Alors forcément, dans l'affaire Carlton, on se rapproche pour "voir ce que c'était." Surtout que les chefs d'accusation tombés, DSK a priori blanchi et Dodo a priori condamné, on assiste probablement aux dernières représentations.

Dodo La Saumure est tellement pittoresque qu'on croirait une blague. Ce type a la gouaille et la tête de son surnom. La plupart des prévenus ont cherché à habiller leurs pratiques. Dodo y va franc jeu. A la cour, il présente son activité (il est officiellement tenancier de "maisons de débauche" en Belgique) comme n'étant "ni de la broderie ni une épicerie". Il parle de ces prostitués comme de "filles au Q. I. de 25". C'est le maquereau sympa au rire gras, mais qu'on imagine en coulisses dresser ses filles à coups de tringles. DSK parle de "matériel" dans ses SMS. Dodo compare ses femmes à du "cheptel" et les appelle "négresses" quand elles sont noires. "C'est comme ça qu'on parle des filles, M. Alderweireld ?" le gronde le président Bernard Lemaire. "Oh ! j'suis comme ça, monsieur le président, j'ai le sens de la dérision, j'arrête pas de plaisanter. J'fais d'l'Audiard."

Quant à DSK, il n'est plus aux yeux du public l'ex-patron du FMI. Depuis l'affaire Sofitel, on n'y pense plus. Dans ce procès, il est tel un notable de la Belle Epoque qui va voir ses courtisanes en haut de forme. Elisabeth de Pourquery, la dessinatrice du procès, le voit ainsi : "Tout le monde connaît ses gros sourcils, mais il a des gestes bien à lui, des expressions particulières, des paupières qui tombent.

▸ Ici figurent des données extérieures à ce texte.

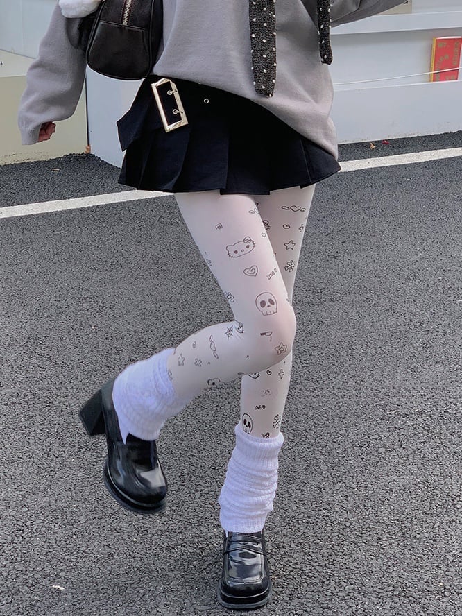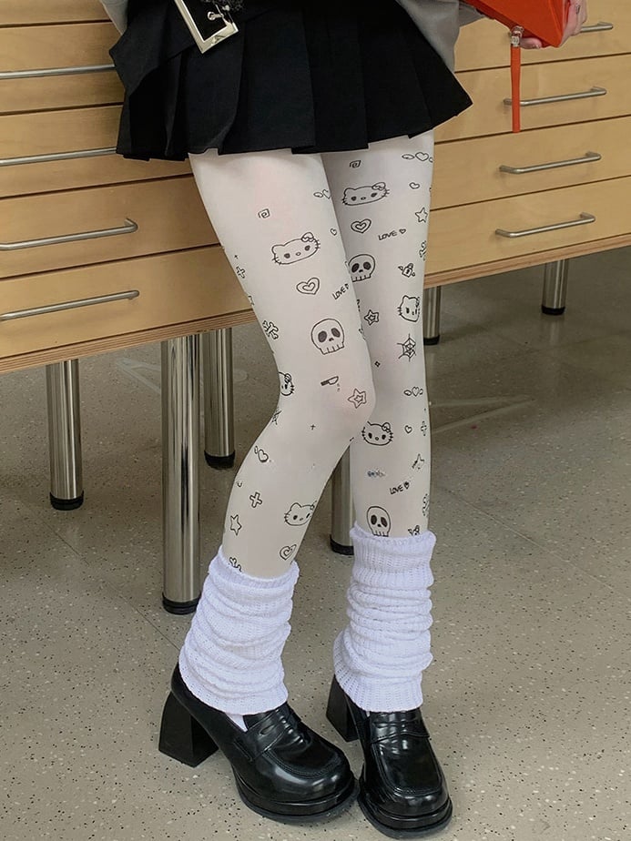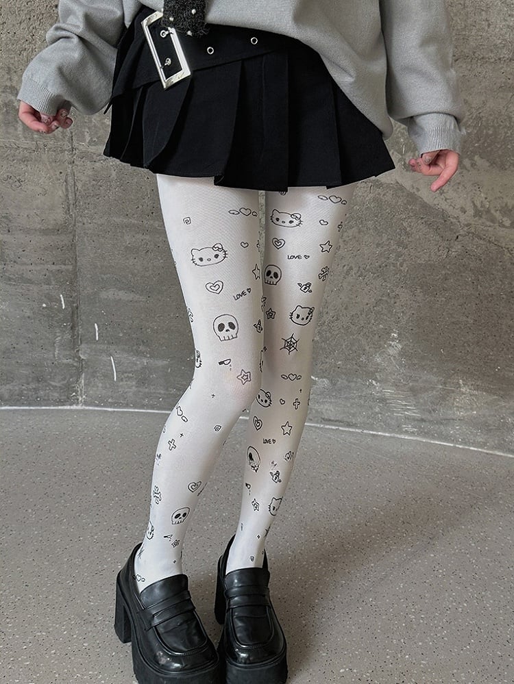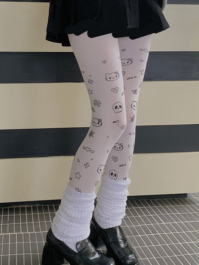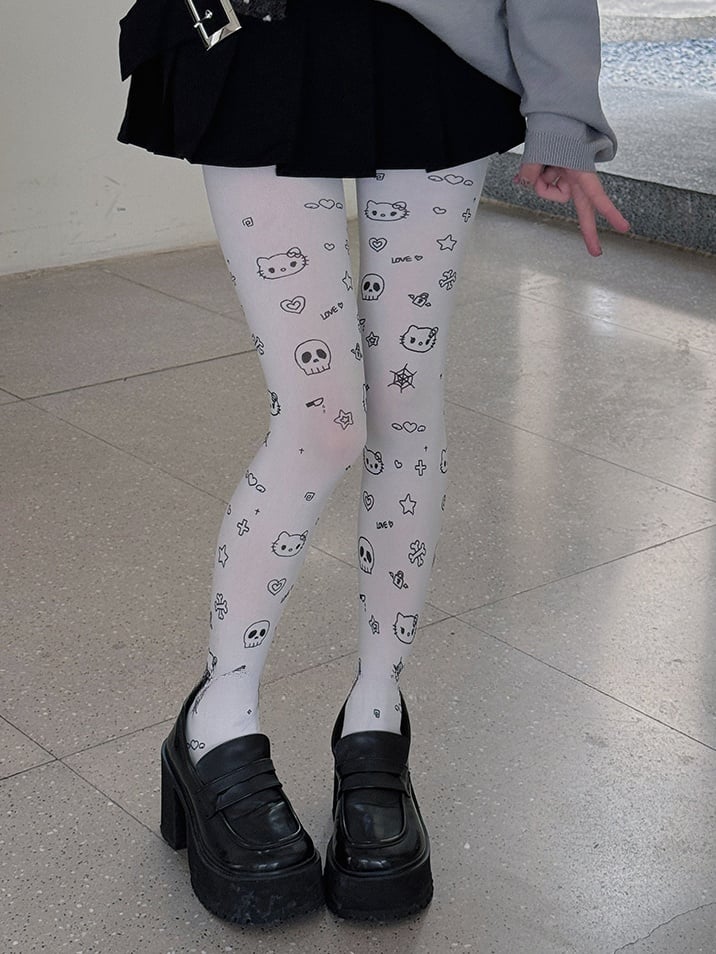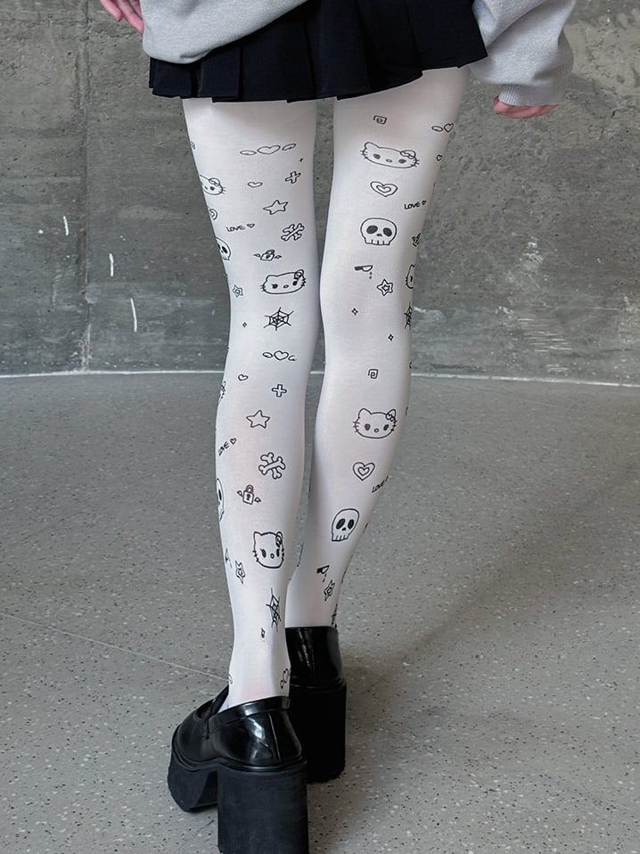 ホワイトのスイートキティハートスタープリントカートゥーンタイツ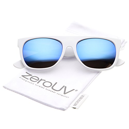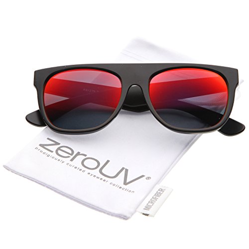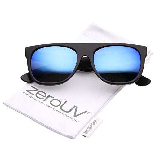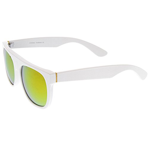A modified version of the iconic horn rimmed frame, these bold sunglasses feature a super flat top design and square colored mirror lenses. Elegant gold accents at the stylishly wide temples give these sunglasses added luxe, while straight and geometric lines give it that modern feel. Quickly becoming one of our most popular styles, these horn rimmed sunglasses are an accessory must-have. Made with a plastic based frame, metal hinges, and reflective UV400 protected lenses. Lens Height: 43 mm | Lens Width: 55 mm | Bridge: 16 mm | Frame Total: 140 mmFeature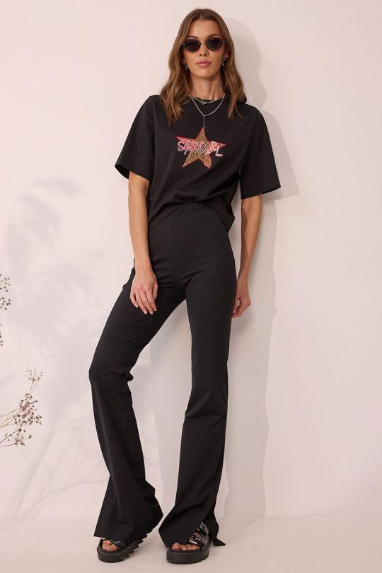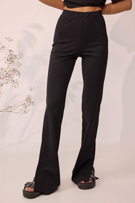 Брюки прилегающего силуэта расширенные книзу из трикотажного полотна. По верху брюк притачной пояс на эластичной тесьме(резинке). По низу брюк в боковом шве шлица.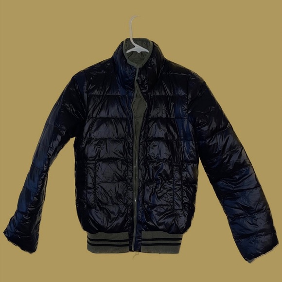 Reversible puffer jacket. So cute and no wear, just too small for me! No tag, since it’s reversible. Fits like a XS or S. Super soft puffer material.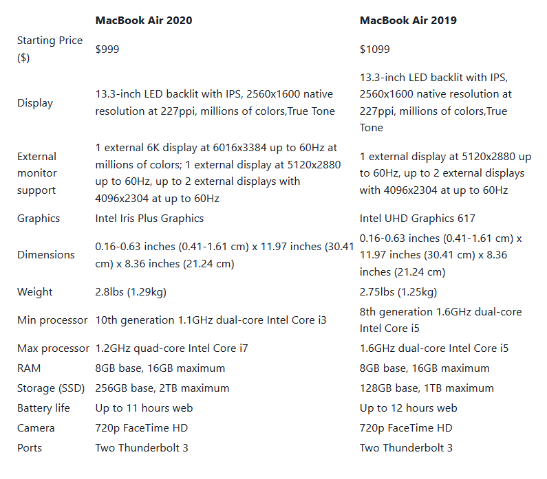 2020年的MacBook Air稍重,为2.8磅(1.29千克),而2019年款为2.75磅(1.25克)。除了重量上的增加之外,新款MacBook Air在电池容量上也有所缩水。苹果声称的电池续航时间现在可以长达11个小时,而之前有12个小时。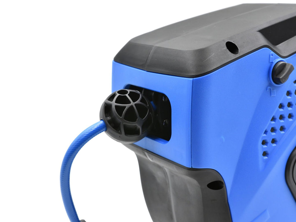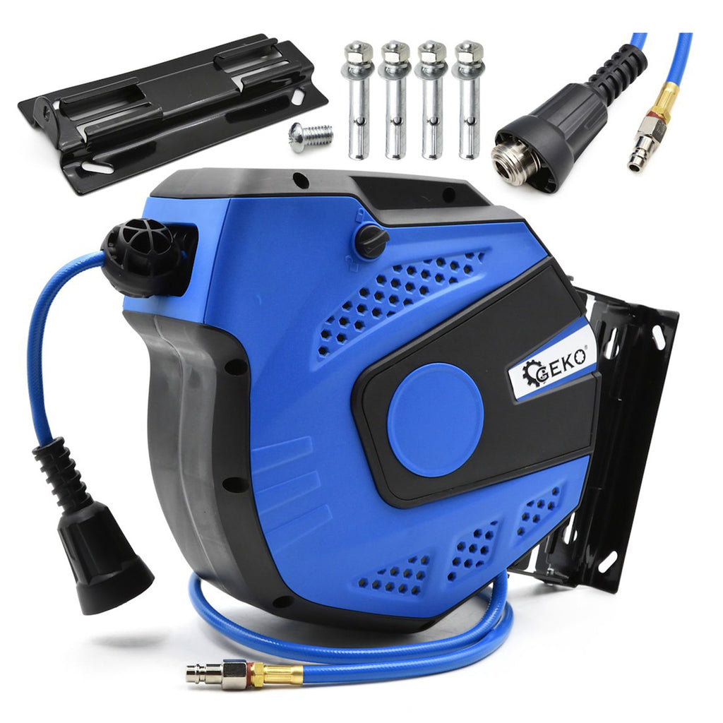 Този барабан с маркуч за сгъстен въздух 14 м с автоматично заключване и прибиране - GEKO е предназначен за използване в пневматични инсталации в работилници или гаражи, за да снабдява инструменти със сгъстен въздух. Маркучът е изработен от подсилен PVC, с висока устойчивост на налягане.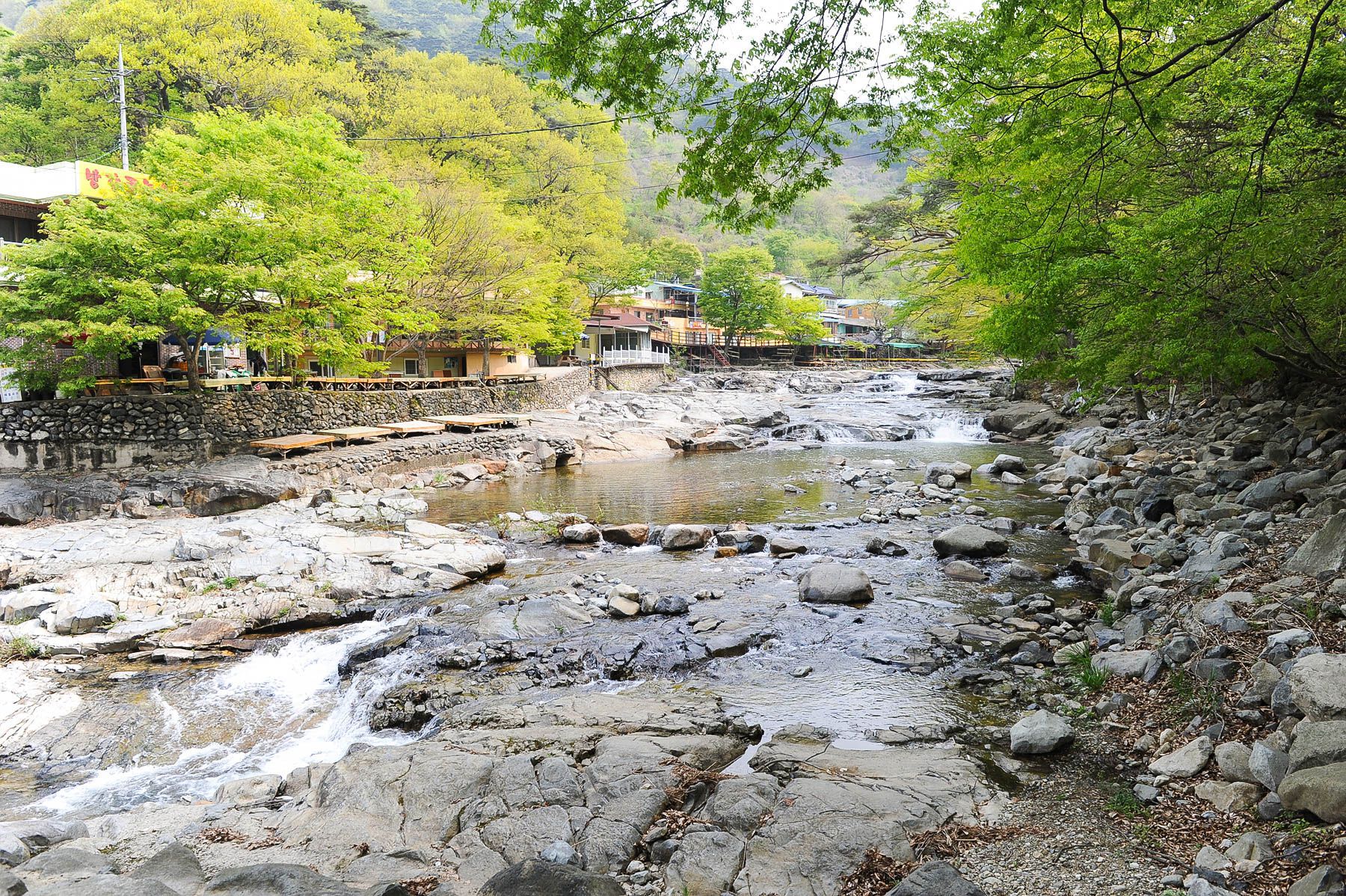 계곡을 따라 캠핑장과 숙박업소들이 들어서 있지요.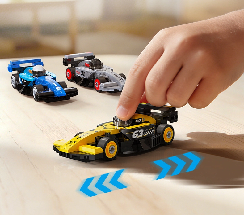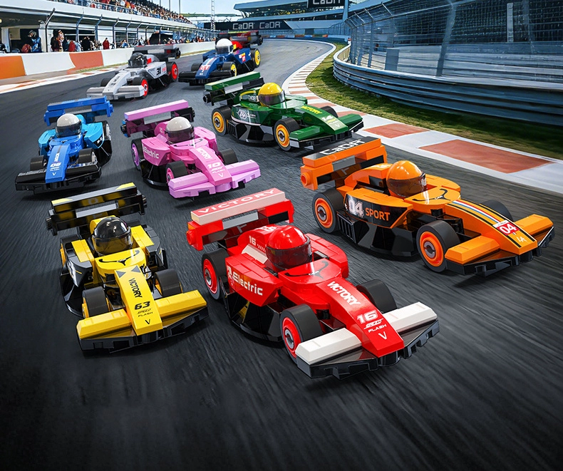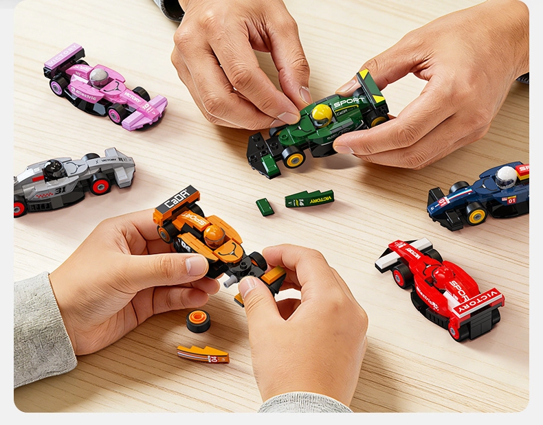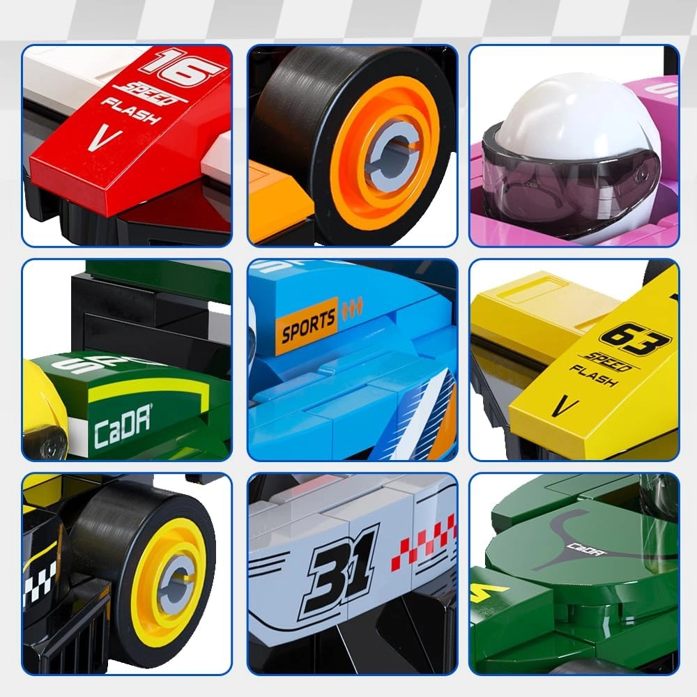 Ten designerski zestaw oferuje 8 różnych mini wyścigowych bolidów, każdy z około 70 elementów. Po złożeniu powstają kompaktowe modele o wymiarach ok. 10 × 4 × 3 cm, które świetnie jeżdżą po równej powierzchni i doskonale prezentują się jako kolekcja na półce. Elementy są kompatybilne z innymi zestawami CADA, więc możesz dalej modyfikować i łączyć pojazdy.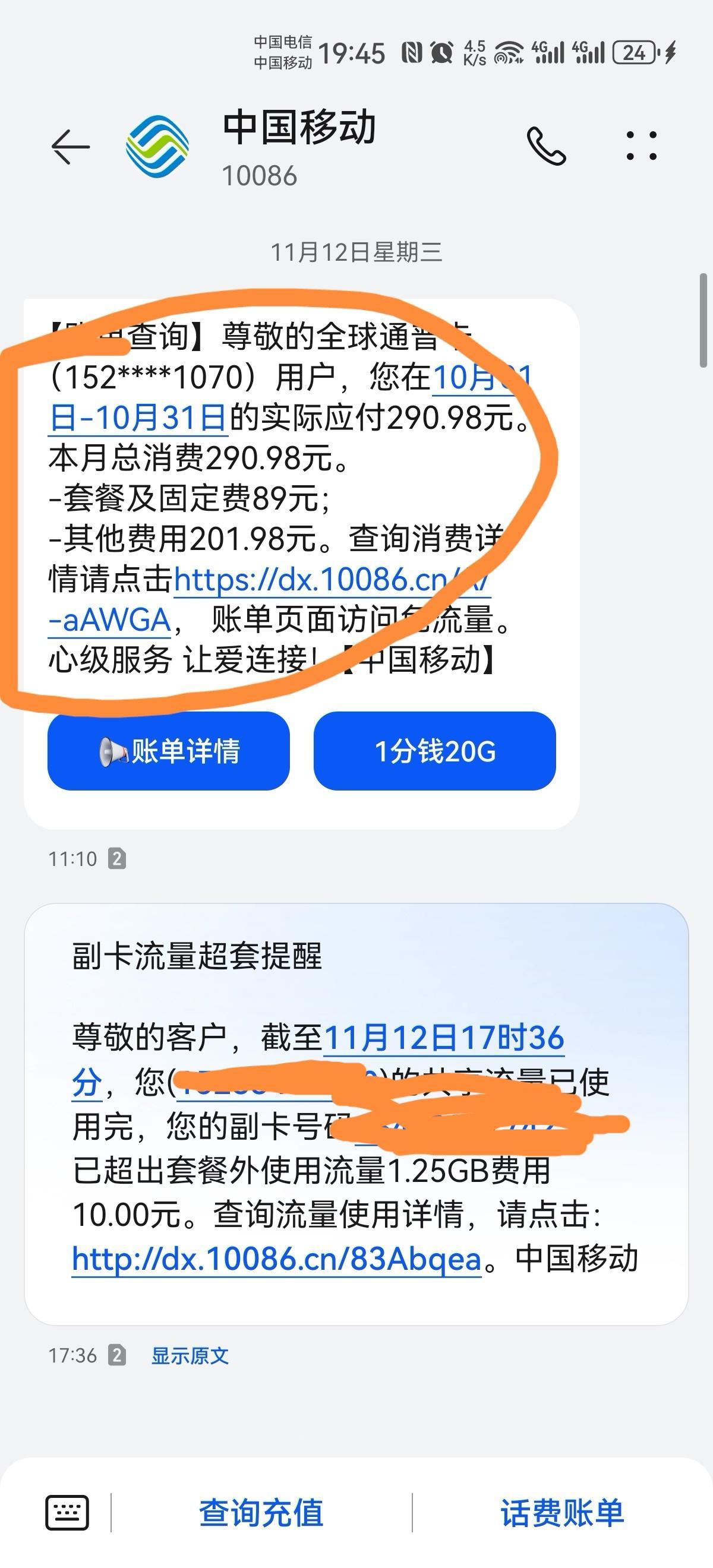 作为销售老油条,我有话要说, 吐吐槽: 中国移动真牛叉, 每月话费都这么高。 我不喜欢移动, 可是为了办宽带, 小区宽带被移动垄断, 没有移动号码也不行。 我的电信卡, 月套餐49元, 流量不限, 通话1000+6000分钟, 移动电话卡, 89元办宽带, 180分钟+30g流量。 关键是流量超出部分这价格贵的要死, 流量超出一点儿就5元, 不是为了宽带, 我坚决不办移动卡。 条友们觉得呢?中国移动 移动套餐陷阱 移动通信套餐 中国移动卡 移动乱扣话费 移动联通话费 移动宽带避坑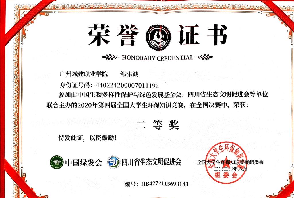 近日,全国大学生环保知识竞赛组委会发布了《2020年第四届全国大学生环保知识竞赛获奖名单》,365集团机电一体化专业学生邹津城同学喜获二等奖。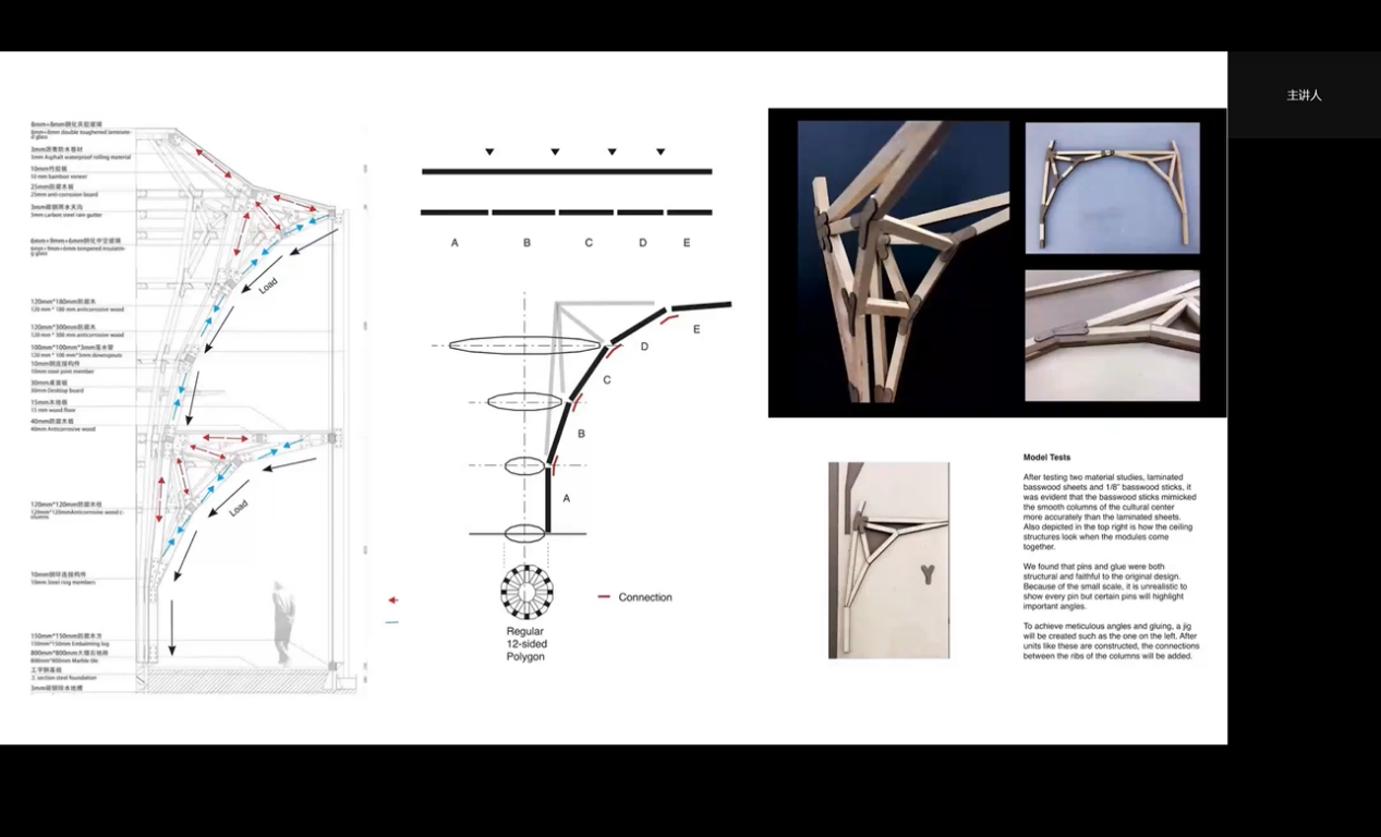 罗宇杰从真实性、普适性、可持续性三方面论述自身对结构的理解。以珑府生活体验中心、胜利市场临时安置点、元和观村党群服务中心、浙水村自然书屋、熟地博物馆、东庵上村儿童之家、无目的概念书店7个作品为案例,讲述他是如何以结构为线索,实现结构的功能与美学的有机统一。讲座过程中结合图片、视频等多种方式,生动地展示了作品的设计构思、建造过程以及建成后的使用现状,让观众们切实体会到了罗宇杰老师的设计魅力所在。在案例讲解过程中,也反映了罗宇杰老师关注可持续的建造方式,主张以更少的材料,去创造更通用的空间;推崇以自然材料进行建造,在木建筑领域进行了持续的研究和实践;探索如何更富创造力地解决社会问题,关注废弃场所、材料的更新再用,致力改善落后地区儿童的活动、学习空间;推进基于朴门永续理念下的生态农场组织和搭建,开展可持续理念下的建造营。

On dirait un monsieur de la IIIe République. Il faut camper cette expression-là, et il ne faut pas oublier son air coquin." Nous voilà ainsi ramenés au passé, à Toulouse Lautrec, au Moulin Rouge, aux Folies…

A cette époque, il y avait les notables de quartiers et les putes ramassées sur le trottoir par les rabatteuses, puis dressées par les maquereaux. Deux mondes qui se mélangeaient en maisons closes pour ensuite revenir à leurs condition. Dans l'affaire Carlton, on est tour à tour dans une "garçonnière" du XVI, au Carlton de Lille, au W. à Washington, c'est le décor des orgies sexuelles. Mais avec les putes et maquereaux à la barre, on se voit aussi "chez Béa", la maîtresse de Dodo la Saumure, et tenancière de la maison close "Le 36", à Tournai, en Belgique. On est dans les "boîtes coquines" et les "clubs échangistes". Jade est "courtisane" pour les orgies, mais son surnom est un "nom de rue".

Dans ce jeu social, les mots crus et les métaphores grivoises fusent dans un wording bien codé. On dit tantôt "matériel", tantôt "courtisane", tantôt "boite coquine", tantôt "bar à putes", tantôt "partouzes", tantôt "partie fines". Selon le contexte, les femmes publiques sont dites "péripatéticiennes", pratiquantes du "sexe tarifé", putes, cheptel, grues sans cervelle… Mais choisi ou ordurier, tout ce vocabulaire est bien du passé. C'est un jeu d'apparence, pourvu que ça s'entremêle. DSK veut que ses parties fines soient "joyeuses". Dodo fournit les filles de joie.